# Geek Appreciation Thread



## Rouge (Sep 6, 2009)

Anyone else for yummy geeks? :laughing:


----------



## HollyGolightly (Aug 8, 2009)

I actually prefer geeky guys. I find the awkwardness and the quirkiness a turn on :blushed:


----------



## Rouge (Sep 6, 2009)




----------



## Rouge (Sep 6, 2009)

I once went out with a guy with a PhD in computer security. When he ran out of things to say, he started to tell me about computer systems - because that was what he knew the most about. I wanted to take off his geeky glasses there and then and kiss him :happy:


----------



## 1057 (Apr 9, 2009)

lol, i love geeks but the guy in the first post is not cute at all. i feel like his head got switched on another body.


----------



## HollyGolightly (Aug 8, 2009)

I don't feel intimidated by geeky guys. They usually treat you like gold too.
Most men intimidate me, sexual aggression bounces of them and I find that so unattractive. I prefer a gentle, geeky guy


----------



## Linesky (Dec 10, 2008)

That picture is gross, but I do find geeks to be endearing sometimes, personality wise. Especially if it involves a topic of interest ^.- and I'm usually up for almost anything. 
So yay for geekiness as long as it's balanced according to my likings ... (heh I'm not gonna get into that .

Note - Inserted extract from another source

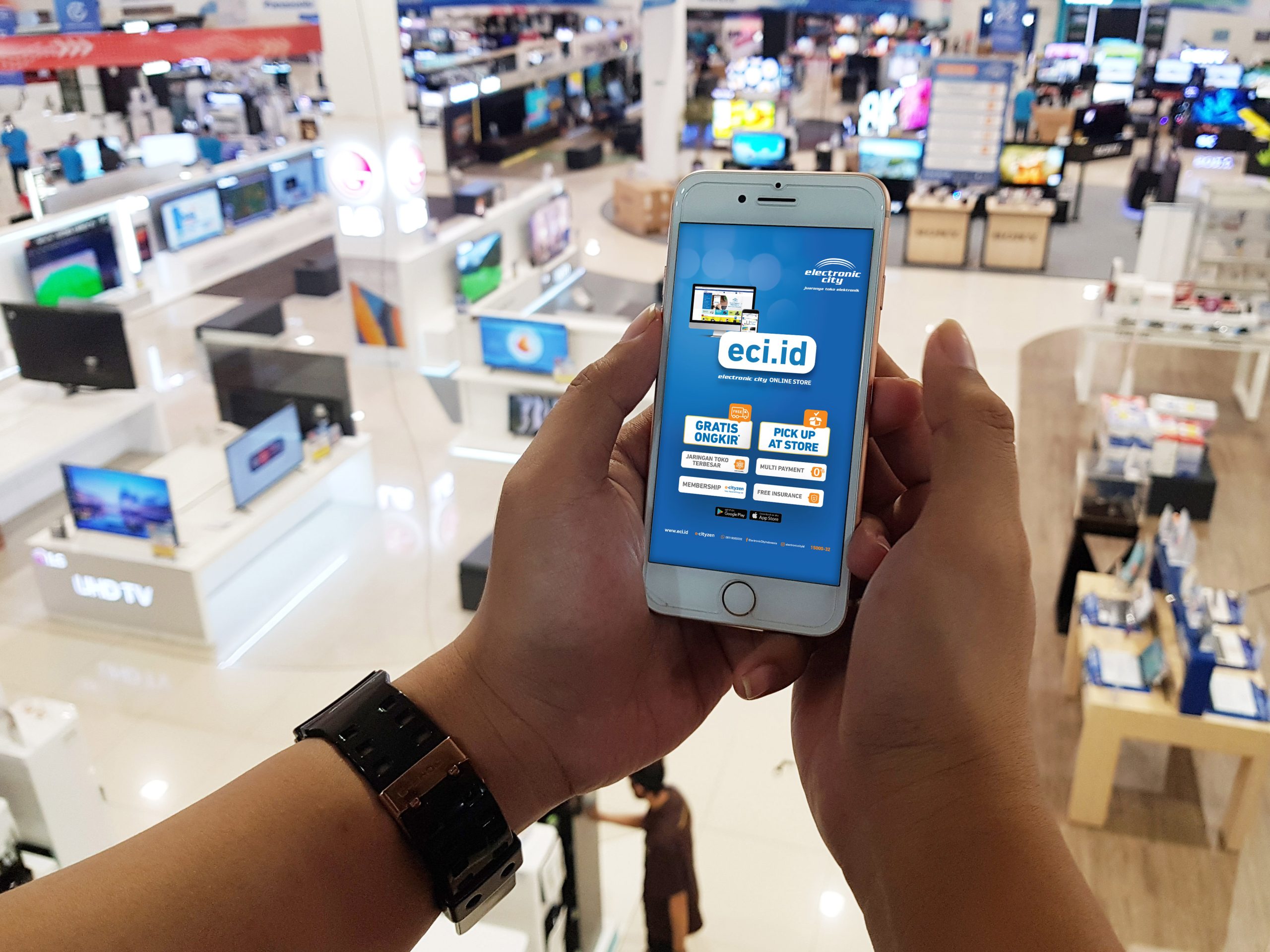Seluruh produk tersebut tersedia dan dapat dibeli di eci.id (www.eci.id) dan seluruh toko offline Electronic City. Kelebihan membeli melalui eci.id yakni setiap transaksi cicilan 0% dengan kartu kredit bank yang berpartisipasi akan bebas dari biaya tambahan atau biaya layanan kartu kredit, sehingga konsumen hanya akan membayar sesuai dengan harga produk yang dibeli.

I'm somewhat physically attracted to people who look slightly geeky as well. But appearance is something else.


----------



## Hirsute Snugglebeast (Sep 14, 2009)

Rouge said:


> I once went out with a guy with a PhD in computer security. When he ran out of things to say, he started to tell me about computer systems - because that was what he knew the most about. I wanted to take off his geeky glasses there and then and kiss him :happy:


I have a friend whom I'm fairly sure in an INTJ who does this with Magic: The Gathering. Its his favorite passtiime, and, if I actually knew half of the cards he was talking about, I could probably become a pretty good player.


----------



## Nightriser (Nov 8, 2008)

Rouge said:


> I once went out with a guy with a PhD in computer security. When he ran out of things to say, he started to tell me about computer systems - because that was what he knew the most about.


HAWT. 


xkcdb said:


> < root> bangpaths are invalid, khmer. Learn @
> < khmer> root: funny, your mother never told me bangpaths were invalid
> < khmer> she definitely responded to ping
> < Cctoide> Did you at least wrap your pipe before uploading your data, khmer?
> ...


----------



## Kokos (Dec 28, 2008)

Nerd with style :









But don't listen to girls over this thread guys. :crazy:


----------



## jochris (Jul 18, 2009)

I'm a serial INT geek dater. Can't get away from them. <3


----------



## The Proof (Aug 5, 2009)

Regan said:


> the guy in the first post is not cute at all. i feel like his head got switched on another body.


it was, but don't expect geeks to be small, I myself am pretty big


----------



## mikeus (Aug 11, 2009)

Does "geek appreciation" go both ways? 

In my opinion, it's only true in one case:




















Eh eh?


----------



## Happy (Oct 10, 2008)

mikeus said:


> Does "geek appreciation" go both ways?
> 
> In my opinion, it's only true in one case:
> 
> ...


Hermoine is hot. She is not a geek though if you think about it.


----------



## decided (May 17, 2009)

I heart geekiness.

Especially in philosophy, sociology, art, music and movies. Om nom nom nom.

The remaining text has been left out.